<<<<

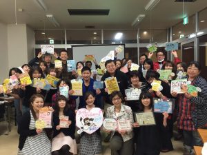 難しい専門用語は一切使わず、たくさんの事例を惜しみなく紹介してくれて、実際にPOPを書きながら、一人一人の質問に丁寧に答えてくれる。まっす~のおか げで、POPは私にとって苦手なことじゃなく楽しいことになりました。セミナーの参加者も多くの人がそう感じてくれたんじゃないかな?集合写真の、この表 情↓がそれを物語っていますよね?
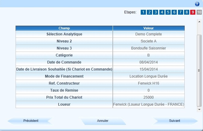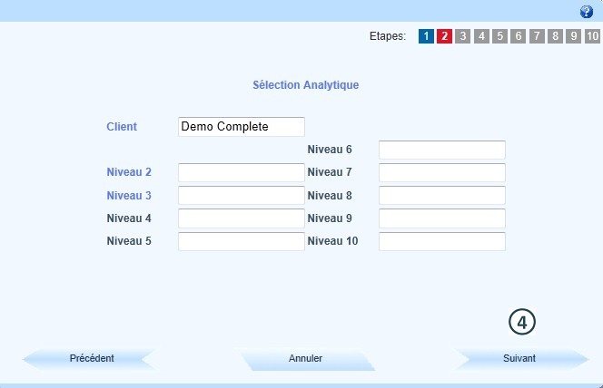 Pour sélectionner l'analytique recherché, suivre les étapes du processus Sélection Analytique, puis cliquer sur "Suivant" |
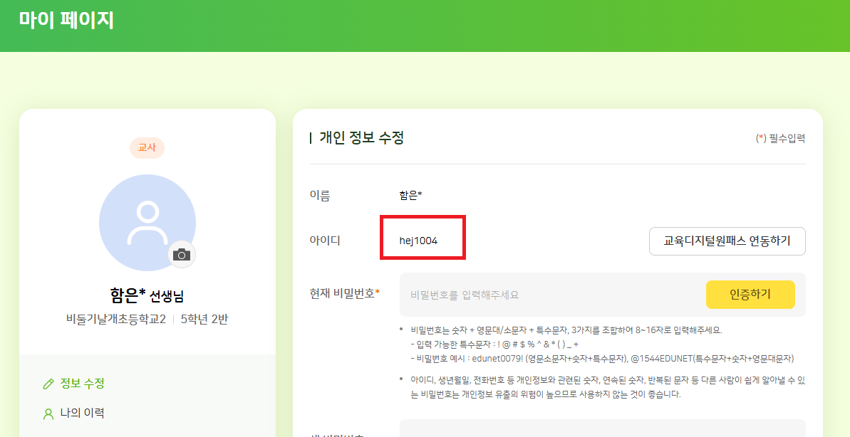 | Description | [암호화][FO] 교사 : 메인 > 마이페이지 > 정보 수정 > 아이디 | ||||

>>>>

What to produce: Every line in the data above needs to be given again exactly, pictures aside.

Response to the exercise:
 難しい専門用語は一切使わず、たくさんの事例を惜しみなく紹介してくれて、実際にPOPを書きながら、一人一人の質問に丁寧に答えてくれる。まっす~のおか げで、POPは私にとって苦手なことじゃなく楽しいことになりました。セミナーの参加者も多くの人がそう感じてくれたんじゃないかな?集合写真の、この表 情↓がそれを物語っていますよね?
 Pour sélectionner l'analytique recherché, suivre les étapes du processus Sélection Analytique, puis cliquer sur "Suivant" |
 | Description | [암호화][FO] 교사 : 메인 > 마이페이지 > 정보 수정 > 아이디 | ||||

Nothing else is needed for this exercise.